It’s been ten days from the ‘end-of-the-world’ till the end of this year. Seems like a long time since I made my last post here. I miss you, my readers and trust all’s well during this festive season.
I need to come clean with you about being sick and not writing. I did have a bad cold and slept for two days after downing Lemsip Max and a self-prescribed cure ritual of Vicks and hot tea.
That’s just the little sick part. The real being sick is with the crazy world of violence, abuse, corruption, hypocrisies, and the drive for material success through self-serving, selfish means. That’s what the mainstream media is all about these days and hypnotising the masses with the new order of synthetic values.
Whatever happened to latest inventions and discoveries, stories of innovations and creativity, admirable deeds of morally upright men and women, kind acts for the greater community and all the stuff that we want to teach our future generations?
Instead we are bombarded with stories, pictures and videos of degrading societies and flashes of imbalances that are eerily similar to the times leading to the widespread power struggles, brutal conflicts and systemic breakdowns.
Perhaps I’m over-analysing the situation and should turn a blind eye to what’s going on. Focus on the good things. Go shopping. Have long blissful lunches and talk about holidays.
Bubble wrap in a personal sphere of sweet comfort and immunity from the problems of the world. Why bother with what’s going wrong as long as things are going right for me? Just be happy (-lah), I’ve been told. It’s easier said than done. One can be happy and not content; be content and not happy.
Do you make New Year’s resolutions?
I used to but now I only make them when I can make closures first. Over the years, I find it difficult to start something new when I’ve not succeeded in something I’ve started. Some years I have no resolutions because I’m still stuck with the old ones. Does this sound weird to you?
Here’s an example. I’ve always wanted to improve my golf game, even daring to resolve winning a tournament someday. Every year, it’s the same resolution.
I have a love-hate relationship with golf. Love the game, hate the weather. The weather usually wins and my game never got better. In fact, I’m at the stage that I only play with strangers who didn’t know how bad I am.
That’s why I never wanted to invest in a new set of clubs. They’re state-of-the-art 20 years ago, bruised and battered now. It’s a chicken-and-egg situation. I reckon it’s the player not the clubs and I should improve first before buying new equipment. Well, the player didn’t get any better and the vicious cycle anchors itself.
Just a few days ago the full moon was at its brightest and glowing for the last time this year. The moonbeam shone directly through my bedroom window arousing me at five in the morning like a scene from Peter Pan. Moonstruck and unable to sleep again, I decided to play golf.
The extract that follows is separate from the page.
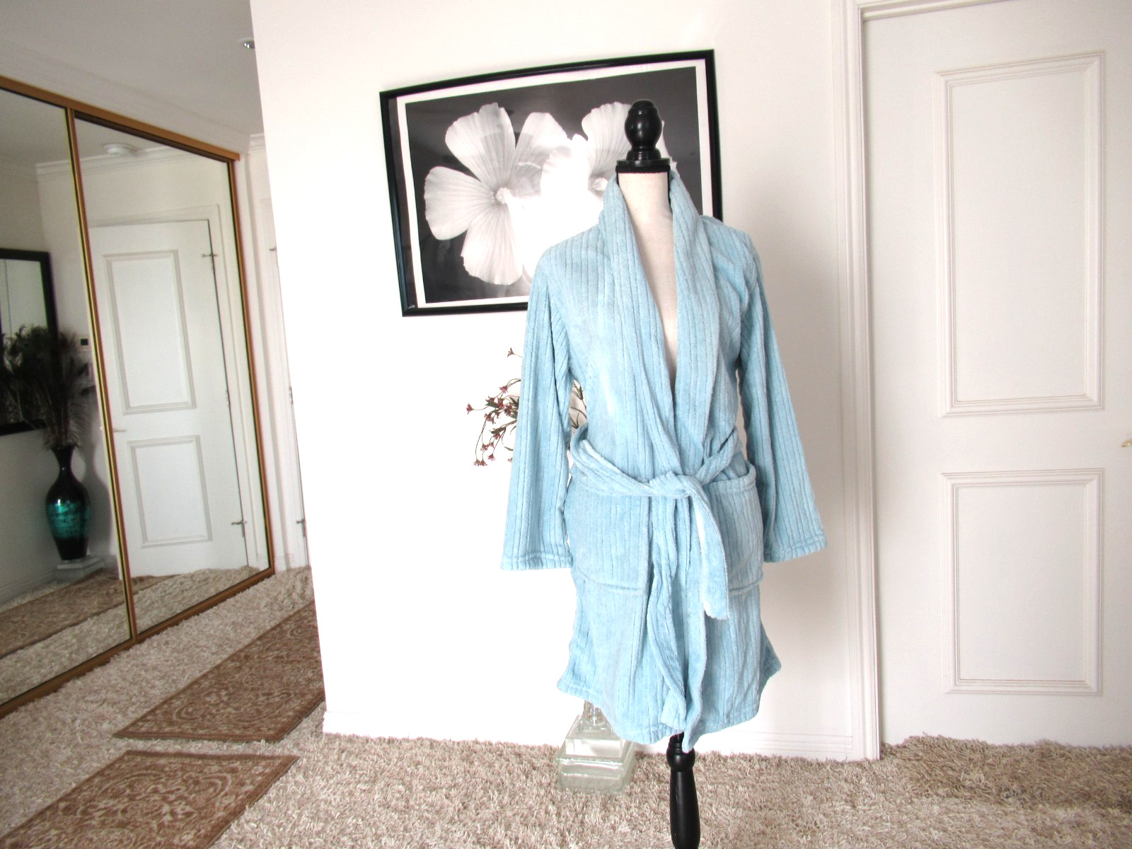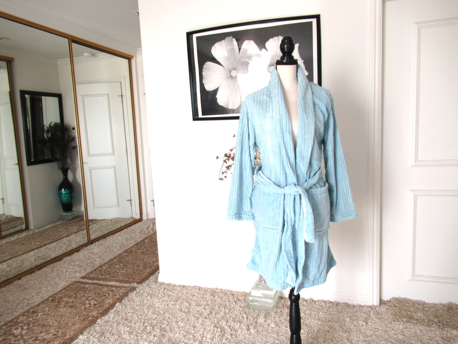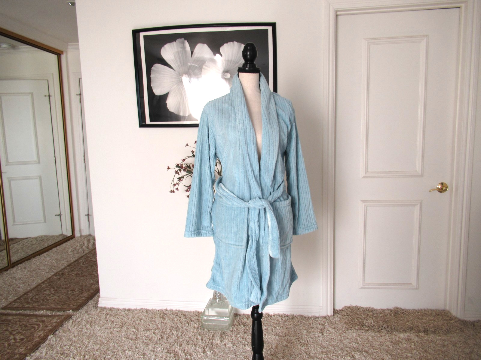 SUPER SOFT Blue Fleece Robe Cozy Plush Bath Robe OS 36
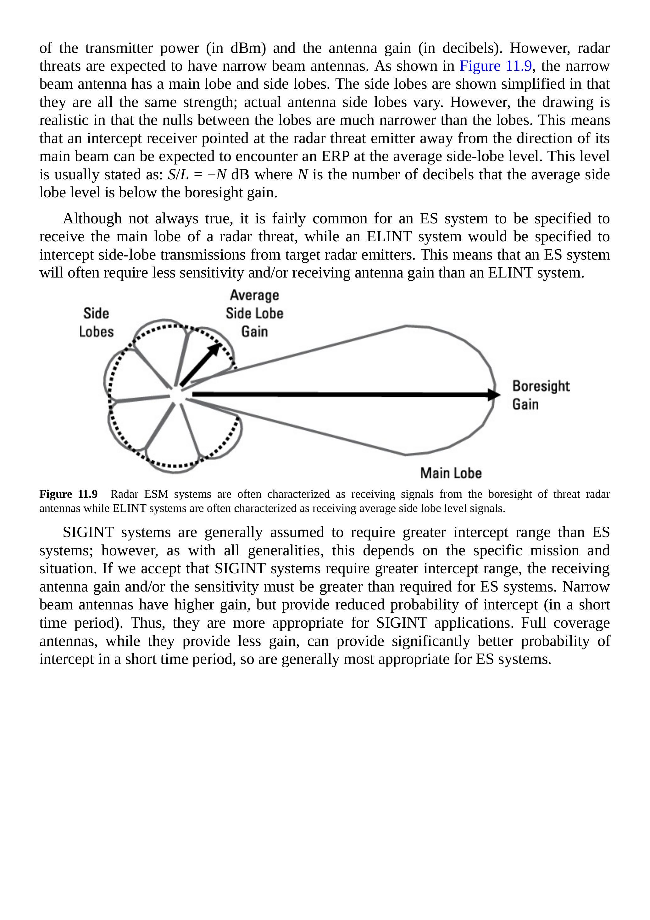 图 11.9 雷达 ESM 系统通常被描述为接收威胁雷达天线的轴向信号,而 ELINT 系统通常被描述为接收平均旁瓣电平信号。

The course was still dark so I walked for a few holes and teed off at first light. Its nice being alone in the open before sunrise, before everyone else arrives, before anyone else steps on the new day fresh dewy grass, and before the world awakens in full force dispersing every single quiet moment into dust and rush.
It was in the few quiet moments that I realized my clubs did affect my game and I should have replaced them long ago. Normally, one would do a practice swing before hitting the ball. I did that. No problem. But when it comes to the actual shot, I would either top the ball or do something silly to make the ball roll a few pathetic yards as a saving grace so I can advance to the green with the others.
Golf is as much a mental game as a physical one. The concentration at execution is so important that even an excellent player can goof up if there is any form of distraction.
So like a pro-wannabe I try to concentrate before I execute. Each time I concentrate and focus on the club head, I think of my ex-husband. It’s just a fleeting thought, a reminder that he bought the clubs for me so we could play golf together. It wasn’t a gentle reminder at all. More like a jolt from the past that comes and goes so swiftly that it’s hard to know what hit me. It’s only when I daft the shot that I realized my mind did stray.
So that morning of the full moon, it finally occurred to me that I didn’t have a proper closure to the end of my relationship. There are still many lingering thoughts and associations to things and places that we’ve shared during a phase of our lives until our divorce eight years ago.
Good and bad experiences, promises and threats, love and hatred all jammed into a corner of the memory that keeps lurking out without warning and definitely without invitation. There’s no pain or discomfort. It’s more like a bug that flies into your face and you swat if off by reflex.
How does one have a closure? Is it a definitive single event or an ongoing process? Will going away forever help?
I may not have a full closure on this one anytime soon and there may be many more doors to close. Being aware is a major breakthrough and I’ll just to be content with closing one door at a time, at the right time.
For a start, I’ll have to change my clubs. They’re not working out for me any more. It’s time to move on, get something better and concentrate on improving my game this coming year.
Thoughts for 2012 –
Wear CONTENTMENT like our clothes and HAPPINESS like accessories.